One of the coolest things that happened when I started writing blog posts eight years ago, is people reach out to you and ask you questions.  Random people you don’t know off the internet asking me for my ‘expert’ advice.  It’s scary, comical and flattering all at the same time!

This week a question came in about how would I go about making a mid-career change from one profession to another.  In this case, the person was wanting to move out of a teaching profession and into an information technology profession.  This individual is about ten years into their teaching career. Went back to school, while working, and got another bachelor’s degree in IT.

How do I get a position in IT? That was the actual question, but as you can imagine, that question is fraught with complexity!

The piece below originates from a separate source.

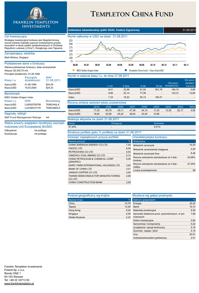 TEMPLETON CHINA FUND 31.08.2011 Subfundusz luksemburskiej spółki SICAV, Fundusz Zagraniczny Cel Inwestycyjny Wynik całkowity w USD na dzień 31.08.2011 Strategią inwestycyjną funduszu jest długoterminowy wzrost wartości kapitału poprzez inwestowanie przede wszystkim w akcje spółek zarejestrowanych w Chińskiej Republice Ludowej („Chiny"), Hongkongu oraz Tajwanie. Zarządzający, siedziba Mark Mobius, Singapur Podstawowe dane o funduszu Waluta podstawowa funduszu: dolar amerykański Aktywa: $2.245,75 mln Początek działalności: 01.09.1994 Klasy t.u Początek działalności NAV 31.08.2011 A(acc)USD N(acc)USD 01.09.1994 15.03.2004 $24,29 $24,33 Benchmark Klasa t.u. ISIN Bloomberg A(acc)USD N(acc)USD LU0052750758 LU0188151178 TEMCHAILX TEMCHBXLX Nagrody, ratingi2 S&P Fund Management Ratings AA Status prawny względem dyrektywy oszczędnościowej Unii Europejskiej (EUSD) nie podlega nie podlega 06&,*ROGHQ'UDJRQ,QGH[ 7HPSOHWRQ&KLQD)XQG¥&ODVV$DFF86' A(acc)USD N(acc)USD 1-rok 9,41 8,86 3-lata 23,99 22,14 5-lat 81,54 77,08 10-lat 361,78 - 7,33 16,53 50,13 180,21 Od pocz. działalności Od pocz. działaln. rocznie. 164,74 143,31 5,89 12,66 - - Roczna zmiana wartości tytułu uczestnictwa A(acc)USD N(acc)USD 2010 17,25 16,64 2009 63,76 62,98 2008 -45,11 -45,42 2007 47,36 46,64 2006 44,14 43,40 2005 11,33 10,86 2004 13,39 - 2003 62,17 - 2002 4,58 - Alokacja aktywów na dzień 31.08.2011 Akcje 97,49% Obligacje - Gotówka 2,51% Struktura portfela (jako % portfela) na dzień 31.08.20111 Dziesięć największych pozycji portfela Charakterystyka funduszu Nazwa pozycji CHINA SHENHUA ENERGY CO LTD CNOOC LTD PETROCHINA CO LTD YANZHOU COAL MINING CO LTD CHINA PETROLEUM & CHEMICAL CORP (SINOPEC) % 7,44 6,09 5,55 5,10 5,00 DAIRY FARM INTERNATIONAL HOLDINGS LTD BANK OF CHINA LTD JIANGXI COPPER CO LTD TAIWAN SEMICONDUCTOR MANUFACTURING CO LTD 3,62 3,51 3,50 2,66 CHINA CONSTRUCTION BANK 2,59 Podział geograficzny wg krajów Nazwa kraju Chiny Tajwan Hong Kong Singapur Wielka Brytania Franklin Templeton Investments Poland Sp. z o.o. Rondo ONZ 1 00-124 Warsaw Tel: +48 22 33713 50 www.franklintempleton.pl Wyniki w walucie klasy t.u. do dnia 31.08.2011 Index MSCI Golden Dragon Index Odkupienie: Dystrybucja: Statystyka wskaźnik cena/zysk wskaźnik cena/wartość księgowa wskaźnik cena/cash flow 10,30 2,25 8,48 Roczne odchylenie standardowe za 3 lata fundusz 25,98% Roczne odchylenie standardowe za 3 lata indeks 27,29% Liczba przedsiębiorstw 99 Struktura wg gałęzi przemysłu % 74,79 12,40 9,40 0,59 0,32 Sektory gospodarki Energia Banki Materiały produkcyjne Sprzedaż detaliczna prod. żywnościowych, w tym masowych % 30,25 10,13 8,28 7,88 Dobra inwestycyjne Samochody i komponenty Urządzenia i sprzęt techniczny Żywność, napoje i tytoń Inny Gotówka/ekwiwalent gotówkowy 5,84 5,22 5,19 4,19 20,51 2,51 T EMPLETON C HINA F UND 31.08.2011 Zastrzeżenie prawne - Templeton China Fund Prawa autorskie © 2011. Franklin Templeton Investments. Wszelkie prawa zastrzeżone. Niniejszy dokument został sporządzony wyłącznie do celów informacyjnych i nie stanowi porady prawnej ani podatkowej ani oferty sprzedaży jakichkolwiek udziałów ani zaproszenia do zapisów na tytuły uczestnictwa jakiegokolwiek funduszu luksemburskiego SICAV Franklin Templeton Investment Funds (zwanego dalej „Funduszem”). Żadnej z części niniejszego dokumentu nie należy traktować jako porady inwestycyjnej . Zapisy na tytuły uczestnictwa mogą być dokonywane wyłącznie w oparciu o aktualny, pełny lub skrócony prospekt informacyjny Funduszu, ostatnie roczne sprawozdanie finansowe opatrzone opinią biegłego rewidenta oraz ostatnie półroczne sprawozdanie finansowe, o ile zostało opublikowane później niż sprawozdanie roczne. Ceny tytułów uczestnictwa i dochody uzyskiwane z tytułów uczestnictwa mogą ulec zmniejszeniu lub zwiększeniu, a inwestorzy mogą nie odzyskać całej zainwestowanej kwoty. Wyniki historyczne nie gwarantują wyników przyszłych. Zmiany kursów walut mogą wpływać na wartość inwestycji zagranicznych. Inwestowanie w fundusz denominowany w walucie obcej także wiąże się z ryzykiem zmian kursów wymiany. Inwestowanie w tytuły uczestnictwa Funduszu wiąże się z ryzykiem opisanym w pełnym i skróconym prospekcie informacyjnym Funduszu. Ryzyko związane z inwestycjami na rynkach wschodzących może być większe niż ryzyko na rynkach rozwiniętych. Inwestycje w instrumenty pochodne wiążą się z określonym rodzajem ryzyka szczegółowo opisanym w prospekcie informacyjnym Funduszu. Tytuły uczestnictwa Funduszu nie mogą być bezpośrednio ani pośrednio oferowane ani sprzedawane obywatelom ani rezydentom Stanów Zjednoczonych Ameryki Północnej. Tytuły uczestnictwa Funduszu nie są dostępne na każdym terytorium podlegającym dowolnej jurysdykcji, a osoby ubiegające się o pozyskanie tytułów uczestnictwa powinny sprawdzić możliwość nabycia tytułów uczestnictwa u lokalnego przedstawiciela Franklin Templeton przed planowaniem inwestycji. Wszelkie badania i analizy uwzględnione w niniejszym dokumencie zostały opracowane na potrzeby i do wyłącznych celów Franklin Templeton Investments i są udostępniane w niniejszym dokumencie wyłącznie do celów informacyjnych. Odniesienia do konkretnych gałęzi przemysłu, sektorów czy spółek mają charakter ogólnych informacji i nie muszą odzwierciedlać rzeczywistego zaangażowania funduszu w jakimkolwiek momencie. Przed podjęciem jakichkolwiek decyzji inwestycyjnych, zalecamy skonsultowanie się z doradcą finansowym. Kopię najnowszej wersji prospektu informacyjnego, rocznego sprawozdania finansowego lub półrocznego sprawozdania finansowego, o ile zostało opublikowane po publikacji ostatniego sprawozdania rocznego, można znaleźć na naszej stronie internetowej www.franklintempleton.pl lub otrzymać za darmo od Franklin Templeton Investments Poland Sp. z o.o.; Rondo ONZ1; 00-124 Warsaw Tel: +48 22 337 13 50; Fax:

Here is the biggest problem most people face when making a mid-career job change, they can’t stop working at their current job to get experience working in their new field.

So many people fall into this trap!  You want to change careers, but you’re working and making a decent living, paying the bills, living life.  You go back to school in the evening, taking on more debt to get the education. Still busting your butt during the week in the job you no longer love, waiting to start your new career.

That’s when you first begin hearing things like, “well, you’ll need some experience to work here”, or “we don’t have entry level positions for someone at ‘your level'”.  “At my level?” What does that mean?  It means, organizations aren’t comfortable hiring a 32 year old for a position they usually hire 21 year olds in. Plus, you aren’t comfortable making an entry level wage at this point in your life.

This is why people stay in miserable jobs.  Once you get far enough down a career path, you are really left with few choices.

So, what was my advice?

– Find a ‘free’ internship. Work your regular full time job, then find some hours in your week to work for free in your new field. You have to get some kind of experience in your new field, especially if you’re a mid-career professional.

– Start adjusting your lifestyle to be an entry level professional.  Remember when you were first starting out in that apartment and crappy car? Not going out and drinking cheap beer?  Welcome back. More than likely you will have to make this adjustment. It’s worth it, if you’ll be happy. Embrace it. Less is more.

– Use your current professional connections to begin connecting with hiring managers in the career you want, not the career you have.  You have to start networking like you’re an entry level graduating from college, looking for you first job. But, you have the network that can help you, that no new college grad has!

– Lastly, give your current employer, if possible, a shot at moving you into the position you want.  Many times employers will work with you to gradually move you into the role you want, by giving you some experiences working in the position you want, and gradually transition you out of your current position and into the new one.